Source data:
——
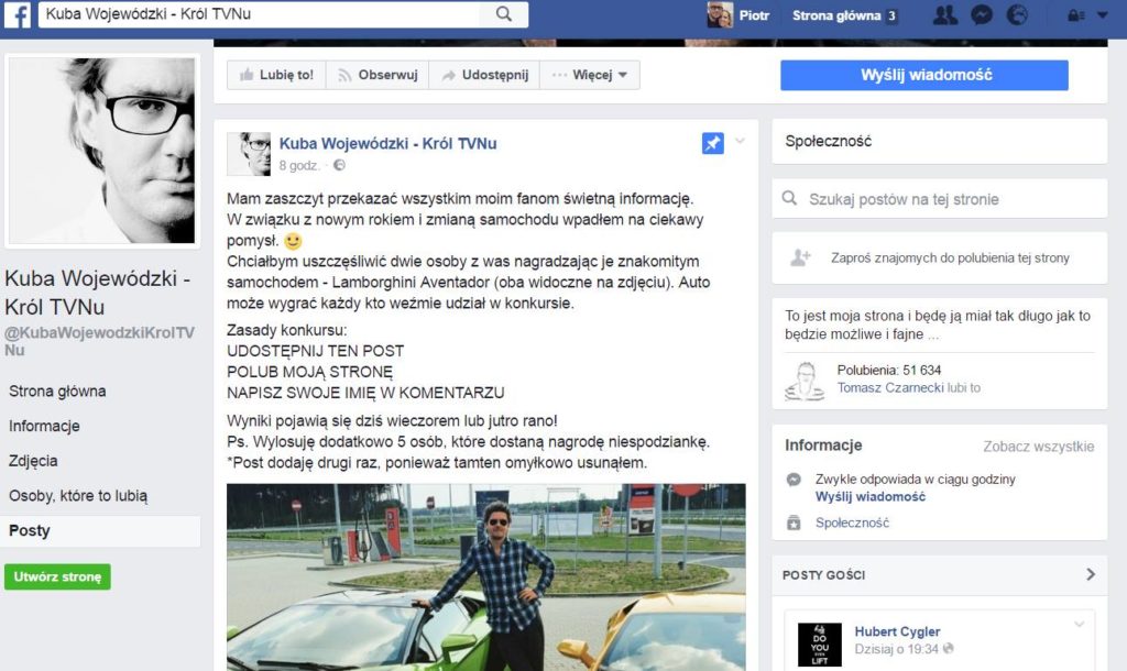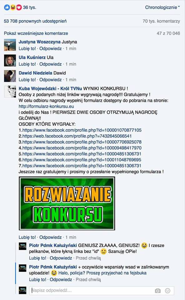 W podsumowaniu konkursu „Króla TVN-u” administrator fake-owej strony podziękował swoim „lajkowiczom” i „udostępniaczom”
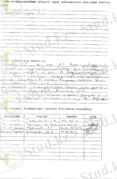 электртехникалық бөлімдердің есебінен тұрады, онда жобаланушы электр
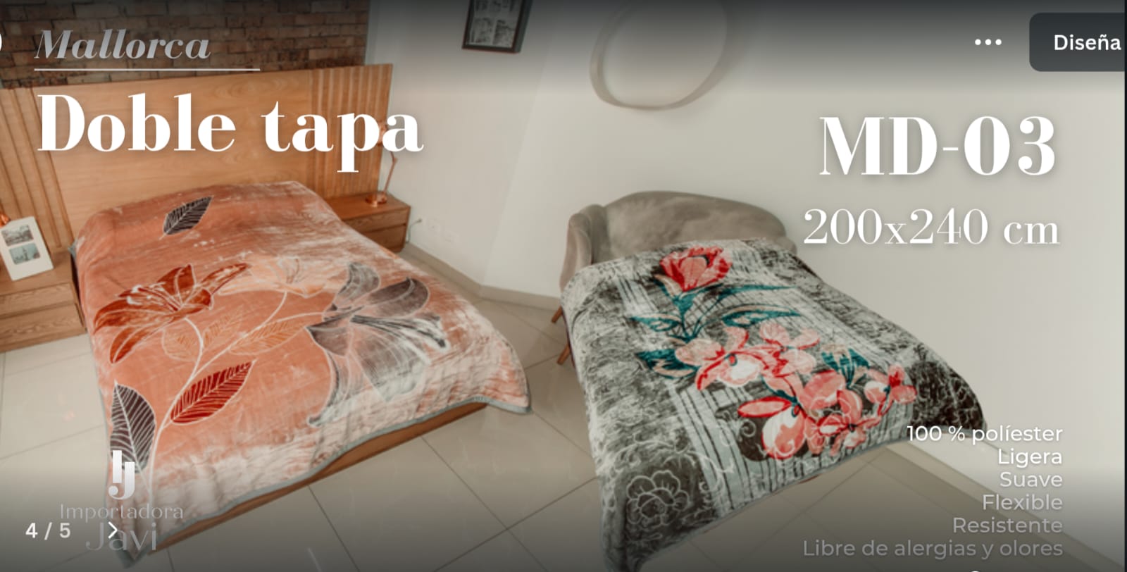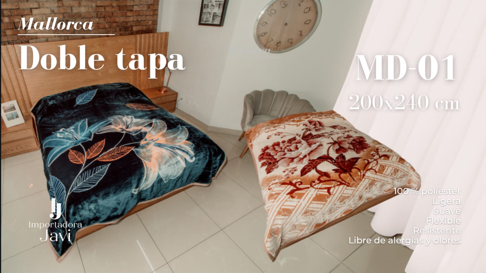 La Cobija Doble Tapa Javi 200×240 cm ofrece calidez, suavidad y elegancia en una sola pieza. Su diseño de doble capa brinda un abrigo superior, ideal para las noches frías, mientras que su textura aterciopelada garantiza una sensación de confort inigualable. Perfecta para complementar la decoración de tu habitación y disfrutar de un descanso acogedor.
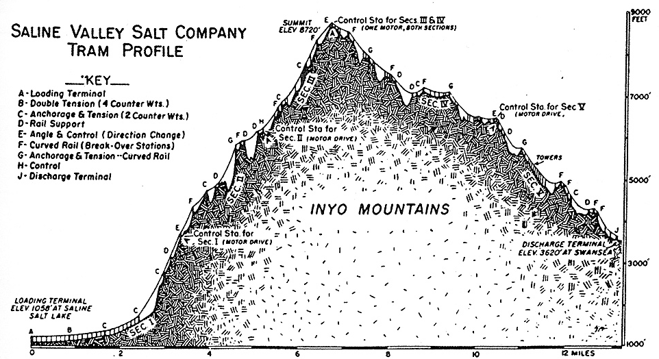 The tramway spanned approximately 13.4 miles and ascended nearly 7,500 feet in elevation from Saline Valley to Keeler, on the eastern shore of Owens Lake. At the time, it was one of the steepest and longest tramways in the world. It included over 300 towers to carry the cable and cars.
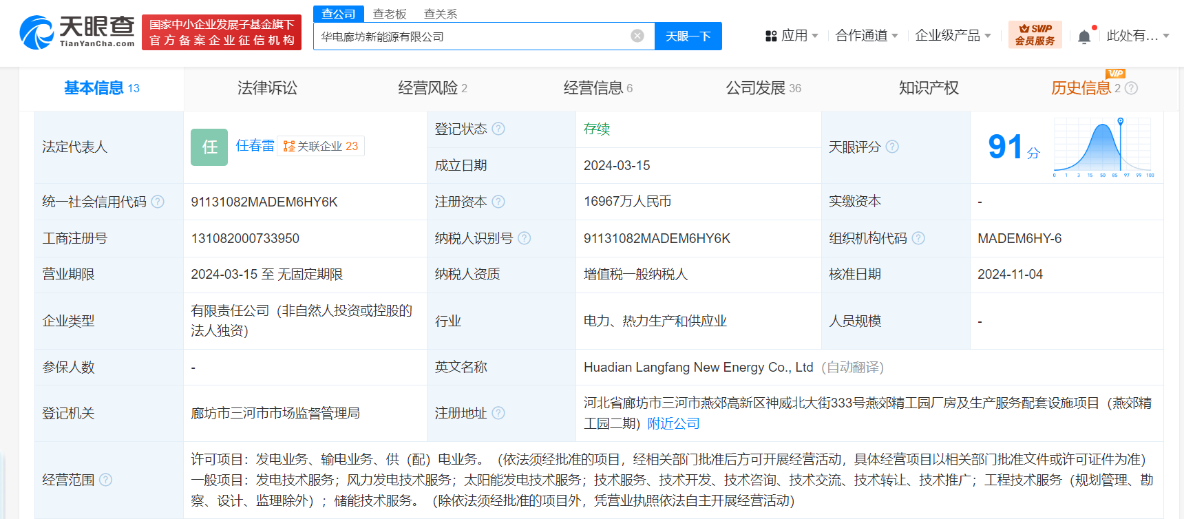 天眼查App显示,近日,华电廊坊新能源有限公司发生工商变更,注册资本由1000万人民币增至约1.7亿人民币。
——
What you need to do
Exactly the lines above from the one that contains "электртехникалық бөлімдердің есебінен" down to the one that contains "La Cobija Doble" are to be output, both ends kept and pictures omitted.

Task result
 электртехникалық бөлімдердің есебінен тұрады, онда жобаланушы электр
 La Cobija Doble Tapa Javi 200×240 cm ofrece calidez, suavidad y elegancia en una sola pieza. Su diseño de doble capa brinda un abrigo superior, ideal para las noches frías, mientras que su textura aterciopelada garantiza una sensación de confort inigualable. Perfecta para complementar la decoración de tu habitación y disfrutar de un descanso acogedor.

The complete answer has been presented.